ValueError: all the input array dimensions except for the concatenation axis must match exactly, but along dimension 0, the array at index 0 has size 12 and the array at index 1 has size 11

The shape of the first array in this concatenate should always be ((params.shape[0]-1)/6, 6) or ((params.shape[0]-1)/4, 4) depending on if fits are circular or not. As far as I can tell this is working as expected.

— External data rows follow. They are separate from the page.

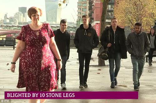 Người phụ nữ có đôi chân nặng tới 63kg là cô Claire Tickle (38 tuổi) sống tại một thành phố thuộc nước Anh. Năm 16 tuổi, Claire cảm thấy xung quanh bàn chân như có một lớp đàn hồi. Lo lắng đến sức khỏe, Claire đã đến bệnh viện thăm khám. Tại đây, các bác sĩ chẩn đoán nguyên nhân là do cô quá béo và khuyên nên giảm cân.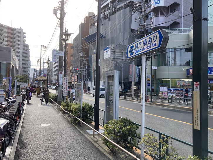 スタート地点の東京メトロ町屋駅から歩き始めます。東京メトロ千代田線の町屋駅は、昭和四十四年(1969年)12月20日に開業しました。特徴的なのは、単式ホーム1面1線上下2層構造の地下駅であることです。1番線ホーム(代々木上原方面)の下に2番線ホーム(綾瀬方面)がある立体構造となっています。町屋駅から根津駅にかけては地上を通る都道313号(尾竹橋通り)・都道457号(道灌山通り)・都道437号(不忍通り)の幅が十分でないことから、途中の西日暮里駅、千駄木駅を含めて上下2層の駅間トンネル・駅構造となっています。駅中心部における地表からレール面までの深さは、1番線が10.4m、2番線が16.3mあります。町屋駅から尾竹橋通りを進みます。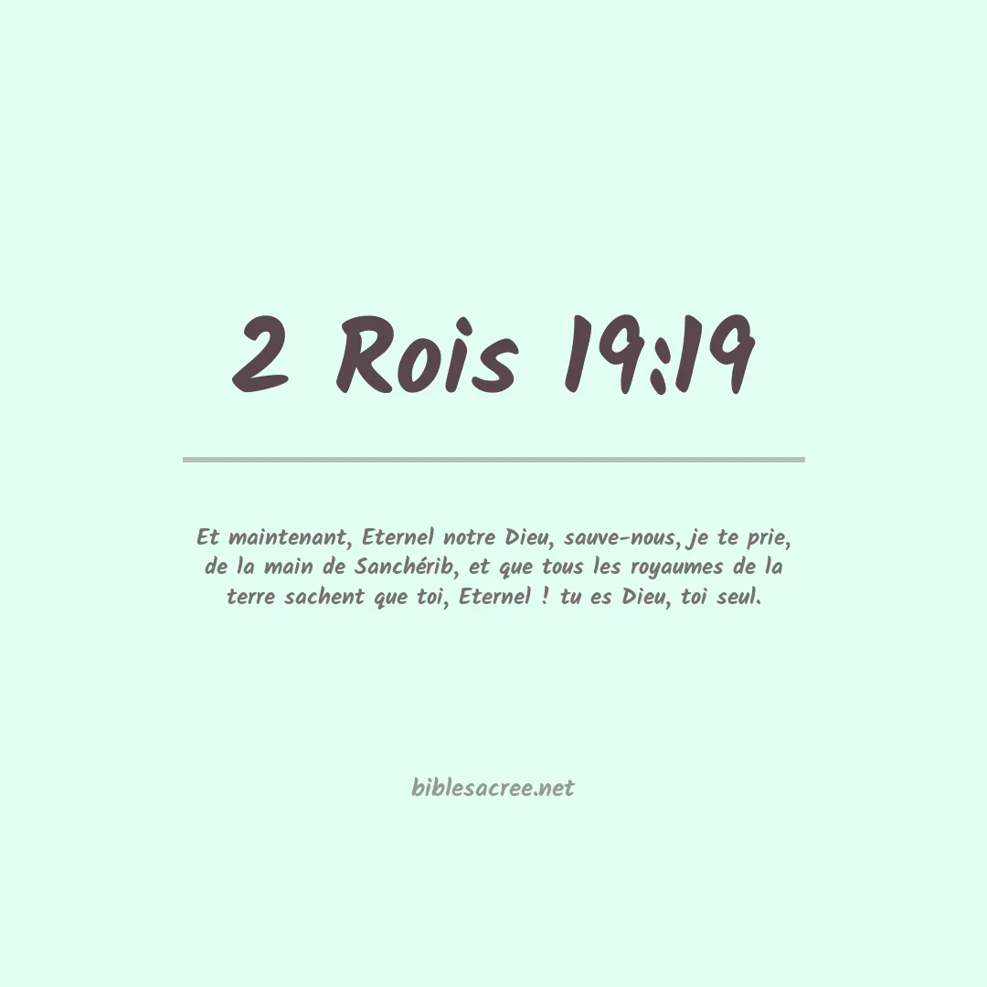 Et maintenant, Eternel notre Dieu, sauve-nous, je te prie, de la main de Sanchérib, et que tous les royaumes de la terre sachent que toi, Eternel ! tu es Dieu, toi seul.
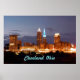 Der Terminalturm in Cleveland, Ohio, hat im Laufe des Jahres viele farbige Lichter, für viele Gelegenheiten - hier ist die Skyline der Stadt Cleveland, Ohio mit den Terminal Tower Leuchten in blau. Das Foto wird im Abend erwischt, genau wie die Lichter in Downtown Cleveland, Ohio, aufgehen.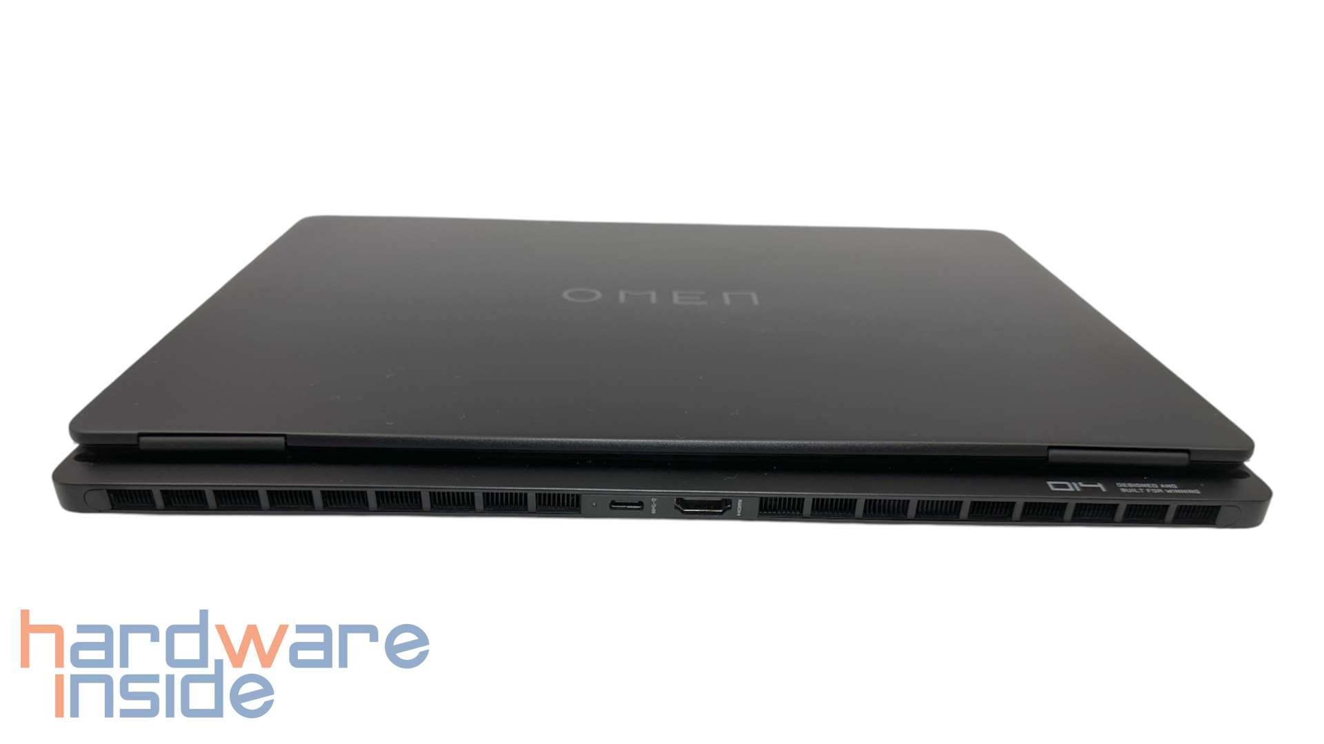 An der Rückseite sind mittig ein HDMI- und ein USB-Typ-C-Anschluss untergebracht. Auch dieser USB-Anschluss unterstützt Power Delivery und DisplayPort 1.4. Links und rechts von den Anschlüssen sind einige große Lüftungsöffnungen zu sehen.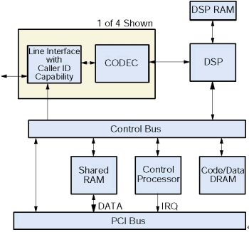 一個板卡上的微處理器控制D/4PCIU和D/4PCIUF通過一個本地總線控制板卡所有操作,它從主機(jī)截獲和執(zhí)行命令。這個微處理器處理實(shí)時的事件,管理和主機(jī)交互的數(shù)據(jù)流,提高系統(tǒng)的反應(yīng)時間,減少主機(jī)處理的需求,傳遞給應(yīng)用程序之前處理DTMF和電話信令,把DSP解脫出來專門做信令處理。這個微處理器和主機(jī)的通信是通過一個共享RAM,它作為一個輸入/輸出緩沖區(qū)增加的磁盤文件傳輸?shù)男省_@個RAM和主機(jī)的接口是PCI總線。為了滿足實(shí)時系統(tǒng)的要求,所有操作的是中斷驅(qū)動的。所有安裝在PC里面的D/4PCIUF板卡共享同一個中斷。在系統(tǒng)初始化的時候,固件從主機(jī)下載到板卡上的代碼/數(shù)據(jù)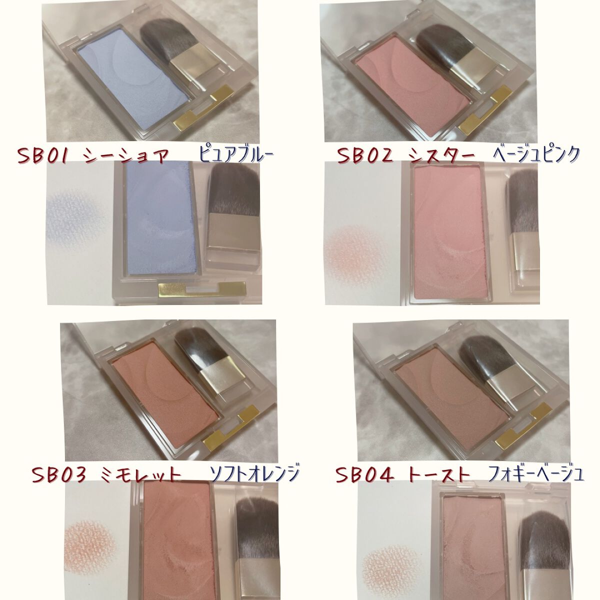 - <SB01 シーショア> タルク、トリエチルヘキサノイン、窒化ホウ素、ポリグリセリル-3ポリジメチルシロキシエチルジメチコン、ラウリン酸亜鉛、トリメチルシロキシケイ酸、メチルトリメチコン、ステアリン酸ソルビタン、セラミドNP、スクワラン、ホホバ種子油、オリーブ果実油、トコフェロール、メチルパラベン、(+/-)グンジョウ、マイカ、酸化チタン、酸化鉄、水酸化Al、赤202、赤226 <SB02 シスター> タルク、トリエチルヘキサノイン、窒化ホウ素、ポリグリセリル-3ポリジメチルシロキシエチルジメチコン、ラウリン酸亜鉛、トリメチルシロキシケイ酸、メチルトリメチコン、ステアリン酸ソルビタン、セラミドNP、スクワラン、ホホバ種子油、オリーブ果実油、トコフェロール、メチルパラベン、(+/-)グンジョウ、マイカ、酸化チタン、酸化鉄、水酸化Al、赤202、赤226 <SB03 ミモレット> タルク、トリエチルヘキサノイン、窒化ホウ素、ポリグリセリル-3ポリジメチルシロキシエチルジメチコン、ラウリン酸亜鉛、トリメチルシロキシケイ酸、メチルトリメチコン、ステアリン酸ソルビタン、セラミドNP、スクワラン、ホホバ種子油、オリーブ果実油、トコフェロール、メチルパラベン、(+/-)グンジョウ、マイカ、酸化チタン、酸化鉄、水酸化Al、赤202、赤226 <SB04 トースト> タルク、トリエチルヘキサノイン、窒化ホウ素、ポリグリセリル-3ポリジメチルシロキシエチルジメチコン、ラウリン酸亜鉛、トリメチルシロキシケイ酸、メチルトリメチコン、ステアリン酸ソルビタン、セラミドNP、スクワラン、ホホバ種子油、オリーブ果実油、トコフェロール、メチルパラベン、(+/-)グンジョウ、マイカ、酸化チタン、酸化鉄、水酸化Al、赤202、赤226 <SB05 ワルツ(限定)> タルク、トリエチルヘキサノイン、ステアリン酸ソルビタン、窒化ホウ素、ポリグリセリル-3ポリジメチルシロキシエチルジメチコン、ラウリン酸亜鉛、トリメチルシロキシケイ酸、メチルトリメチコン、セラミドNP、スクワラン、ホホバ種子油、オリーブ果実油、トコフェロール、メチルパラベン、(+/-)グンジョウ、ホウケイ酸(Ca/Al)、マイカ、金、酸化チタン、酸化鉄、水酸化Al、赤226 <SB06 オーケストラ(限定)> タルク、トリエチルヘキサノイン、ステアリン酸ソルビタン、窒化ホウ素、ポリグリセリル-3ポリジメチルシロキシエチルジメチコン、ラウリン酸亜鉛、トリメチルシロキシケイ酸、メチルトリメチコン、セラミドNP、スクワラン、ホホバ種子油、オリーブ果実油、トコフェロール、メチルパラベン、(+/-)グンジョウ、ホウケイ酸(Ca/Al)、マイカ、金、酸化チタン、酸化鉄、水酸化Al、赤226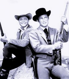 | Artemio “Artie” Gordon, o sea, Ross Martin, y Jim West, es decir, Robert Conrad, posando en los estudios villamarienses que se hallaban sobre la avenida Sabattini |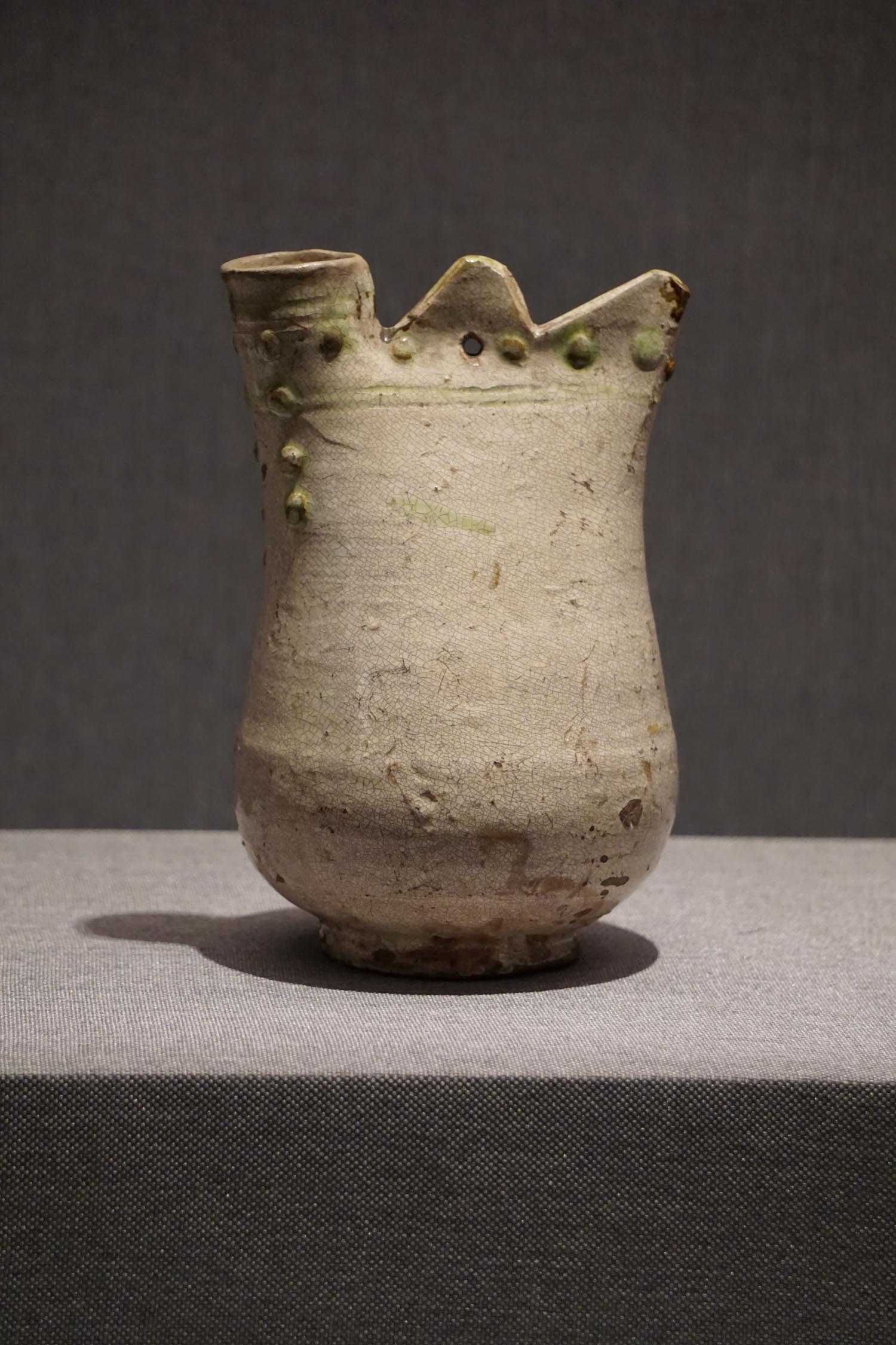 白釉绿彩皮扣装饰单孔鸡冠壶辽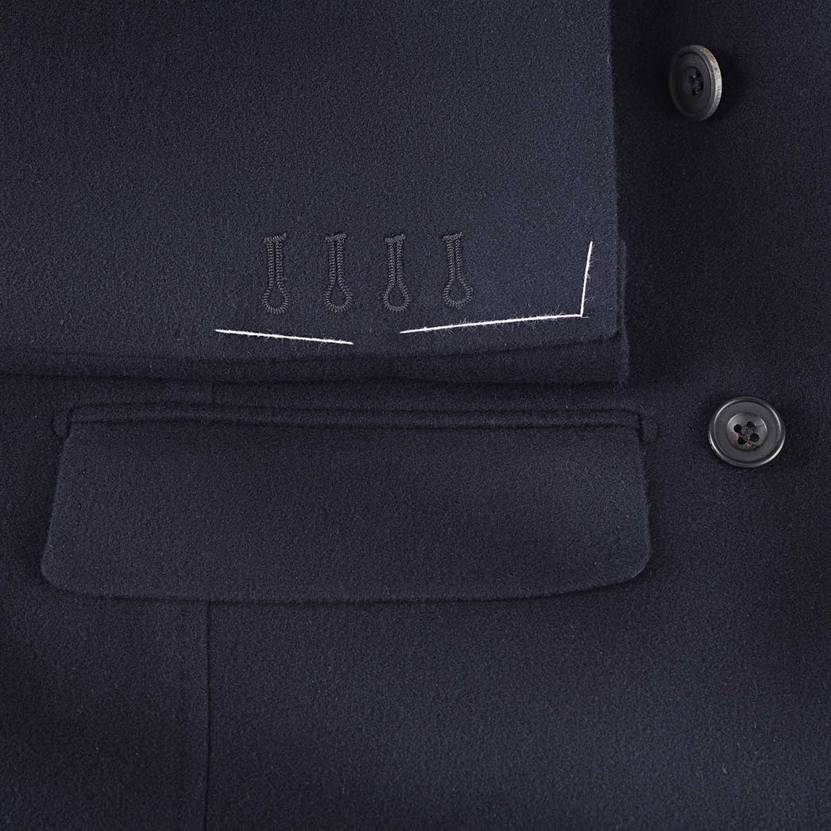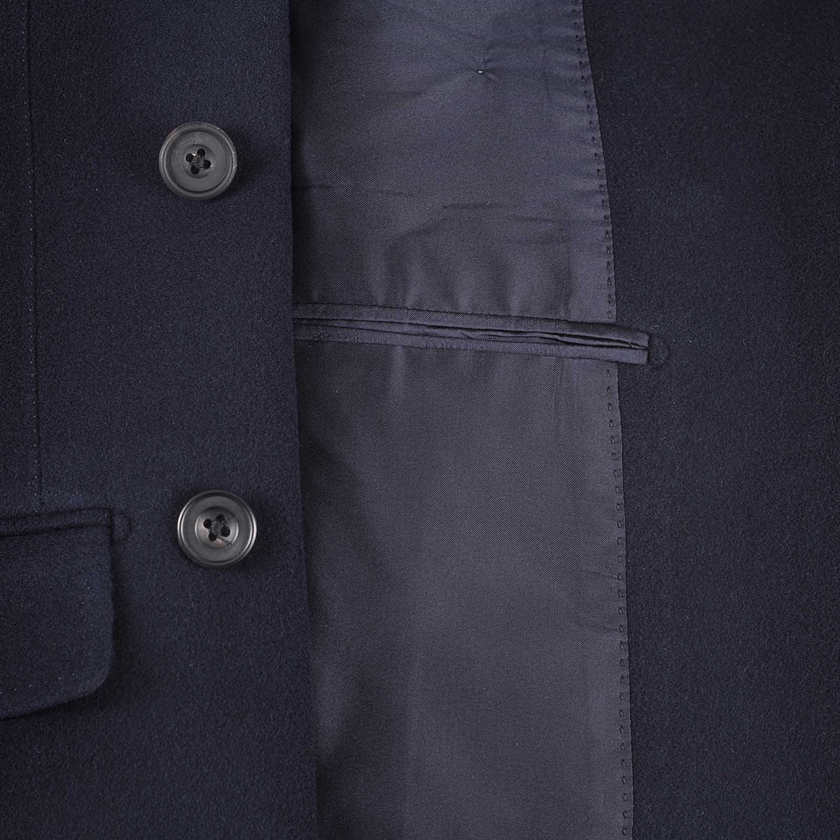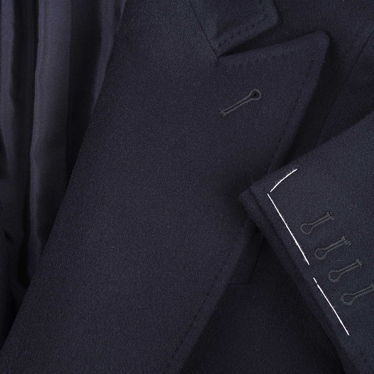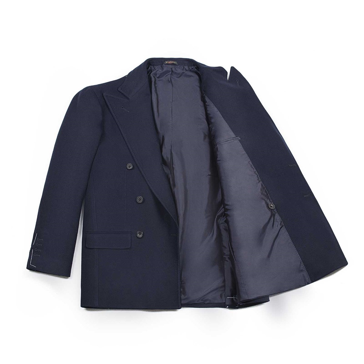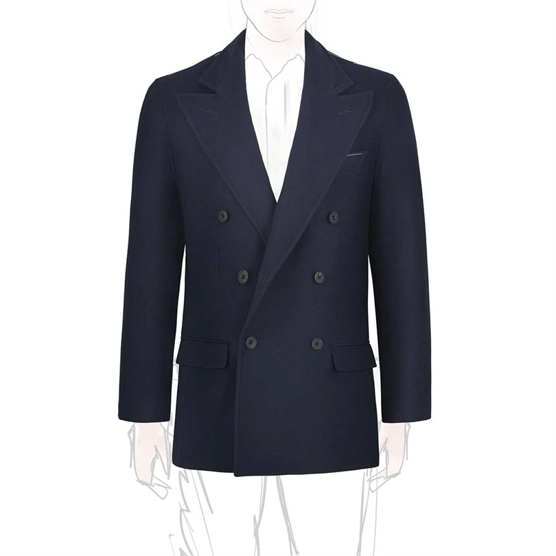 The jacket features a classic double-breasted design adorned with six exquisite horn buttons that add a touch of sophistication. Flap pockets provide functionality while maintaining a sleek profile. Fully lined in luxurious silk, the interior ensures comfort against the skin, elevating your overall wearing experience.

The second array in the concatenation will always have shape (num_gauss, 1), where num_gauss is calculated on line 2152 https://github.com/sdfunni/SingleOrigin/blob/043dc6ab19d8c897253ac9b375706cddae8c3dca/src/SingleOrigin/utils.py#L2152

The documentation for this function says p0 should always be shape ((6*n)+1,): https://github.com/sdfunni/SingleOrigin/blob/043dc6ab19d8c897253ac9b375706cddae8c3dca/src/SingleOrigin/utils.py#L2122

For n >= 8, this leads to num_gauss being too small, hence the concatenation error. Here's a plot showing this behavior: `num_gauss` vs `n`

Replacing line 2152 with num_gauss = int(np.ceil((p0.shape[0]-1)/6)) should fix this issue, although I'm not sure if hard-coding in 6 will cause errors for circular fitting (when n_params = 4). It looks like it should be fine, but as an alternative the reshaped array could be pre-calculated before the concatenation (something like params_shaped = params[:-1].reshape((-1, n_params))) and then the np.ones array could just be of shape (params_shaped.shape[0], 1).